Symptomatic Irreversible Pulpitis (SIP) - You know, the patient who comes in the clinic complaining of lingering thermal pain, spontaneous pain, or an acute apical abscess - and - you wish you could Rx antibiotics and get them to come back in 3 days.

Nagle et al (Triple O, 2000) published an article regarding systemic penicillin on pain in untreated irreversible pulpitis.  No significant difference was found in spontaneous pain, percussion pain or analgesics taken.  Don't Rx antibiotics unless the patient shows signs of systemic infection (fever >100F, etc)

So, how do we manage these cases clinically?  Cross our fingers?  Hope?  Try this algorithm which was recently reviewed by our Endodontic Mentor, Dr. Crossfit.

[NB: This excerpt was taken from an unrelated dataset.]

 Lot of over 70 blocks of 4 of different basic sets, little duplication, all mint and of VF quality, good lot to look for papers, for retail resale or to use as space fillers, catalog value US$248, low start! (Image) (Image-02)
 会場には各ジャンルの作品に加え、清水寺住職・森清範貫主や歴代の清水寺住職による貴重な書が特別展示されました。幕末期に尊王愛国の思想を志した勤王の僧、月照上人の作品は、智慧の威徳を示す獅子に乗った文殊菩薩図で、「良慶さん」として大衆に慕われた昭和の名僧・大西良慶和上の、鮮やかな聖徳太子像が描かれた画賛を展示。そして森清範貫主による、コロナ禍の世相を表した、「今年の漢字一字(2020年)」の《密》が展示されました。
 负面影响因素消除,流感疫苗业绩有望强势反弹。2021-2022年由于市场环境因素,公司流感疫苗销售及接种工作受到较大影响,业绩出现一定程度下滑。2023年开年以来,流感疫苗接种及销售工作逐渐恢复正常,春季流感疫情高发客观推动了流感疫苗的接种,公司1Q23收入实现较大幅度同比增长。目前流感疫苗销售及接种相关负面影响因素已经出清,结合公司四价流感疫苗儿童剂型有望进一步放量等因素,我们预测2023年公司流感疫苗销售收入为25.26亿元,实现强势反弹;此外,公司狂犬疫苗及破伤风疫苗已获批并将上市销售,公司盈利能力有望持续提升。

Dx:   Symptomatic Irreversible Pulpitis of a mandibular tooth.
  1. IAN Block (once with Lidocaine 2% (epi) and then with 0.5% Bupivicaine (epi).
  2. Intraosseous (X tip/Stabident) with 3% mepivicaine.
  3. Cold test - if no response to cold - Initiate endodontic therapy.
  4. If positive to cold test, then give another IAN block with 3% mepivicaine and repeat cold test.
  5. If cold positive again, reappoint in 7-10 days.
  6. Rx 3-10 days of NSAID tx. No Antibiotics Rx'd unless indicated!

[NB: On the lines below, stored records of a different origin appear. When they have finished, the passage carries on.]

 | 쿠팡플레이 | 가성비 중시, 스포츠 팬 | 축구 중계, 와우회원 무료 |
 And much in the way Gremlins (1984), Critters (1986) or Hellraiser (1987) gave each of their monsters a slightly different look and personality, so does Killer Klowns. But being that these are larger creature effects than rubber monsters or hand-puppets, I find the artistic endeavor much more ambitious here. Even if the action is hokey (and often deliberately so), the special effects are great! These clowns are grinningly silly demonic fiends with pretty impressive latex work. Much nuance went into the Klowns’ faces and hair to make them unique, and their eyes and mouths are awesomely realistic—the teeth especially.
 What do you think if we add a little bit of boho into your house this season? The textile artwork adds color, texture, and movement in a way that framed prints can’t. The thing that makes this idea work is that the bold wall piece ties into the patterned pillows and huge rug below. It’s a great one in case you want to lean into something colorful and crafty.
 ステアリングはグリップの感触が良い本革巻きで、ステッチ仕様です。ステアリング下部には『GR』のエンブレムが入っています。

Episode 30/500: Greater Palatine Anesthesia with Ice - Take 5

Post - chops busting, here is a video by our endodontic mentor on a fellow resident demonstrating the correct greater palatine anesthetic technique.  This is take 5 and we already numbed up his other side (hence the hemorrhage).

Also, thanks to Ice Latte, our Perio mentor, for initiating this chop busting session.  To both of you guys, I am grateful.

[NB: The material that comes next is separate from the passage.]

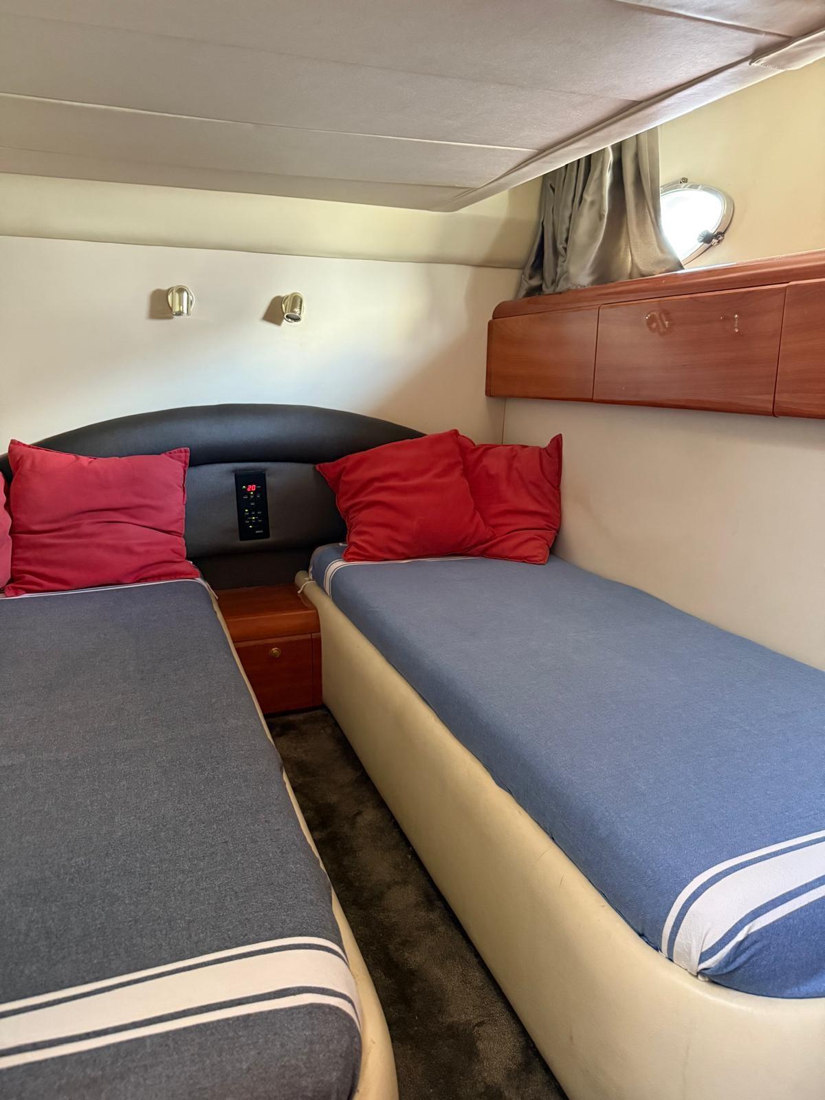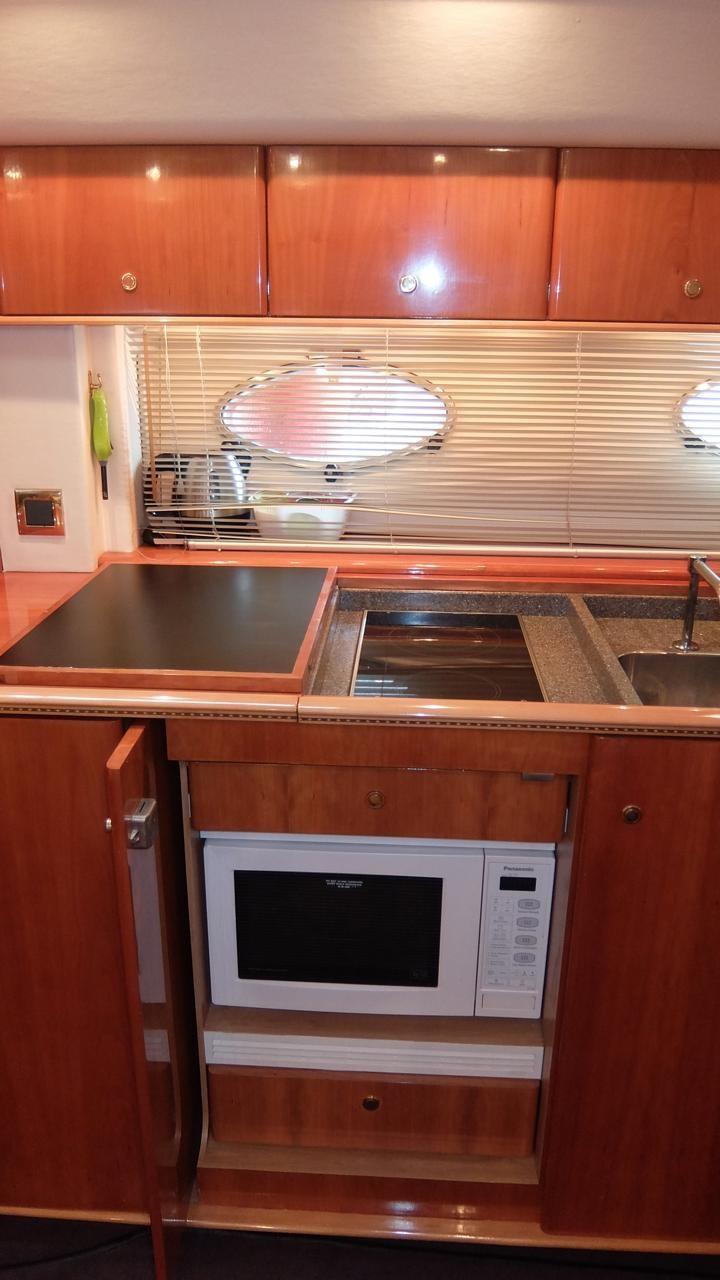 Propulseur d’étrave électrique - climatisation chaude/froide - groupe électrogène Onan de 12 kW - garage à tender - camion Williams 280 à jet d’eau - échelle de bain double - Passerelle électro-hydraulique Opacmare - éclairage sous-marin - micro-ondes - placard électrique à 2 brûleurs - réfrigérateur/congélateur - meuble bar cockpit avec évier, barbecue et réfrigérateur - antenne TV TV - TV LCD - passerelle arrière surdimensionnée en tant que V55.
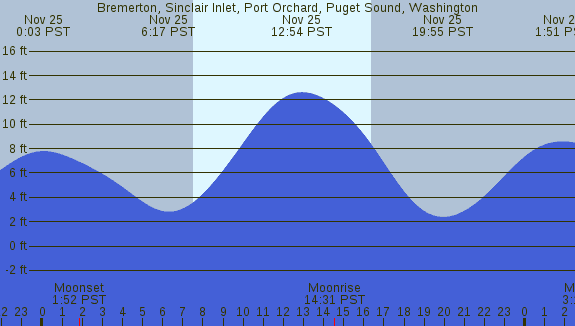 Tidal Heights at Bremerton, Sinclair Inlet, Port Orchard, Puget Sound, Washington

Episode 29/500: Mouth Prop for the ages

If you have ever sat in the chair for longer than 20 minutes, I can guarantee that your jaw is going to get tired, sore, or fatigued from being open - especially if it's for a root canal on a maxillary 2nd molar.  Good times.

Get your patients to use a mouth prop - most like them.  Maryse, if you're reading this, I'm still right!  This will allow them to suffer comfortably much longer through those calcified 2nd molars.

Child size = adults
Adult size = horses



Friday, July 29, 2011

Episode 28/500: Adjust crown contours and polish fast

There are so many different methods in dentistry to achieve the same goal.  I am look forward to folks posting comments to discuss how they accomplish the same tasks - in a different way!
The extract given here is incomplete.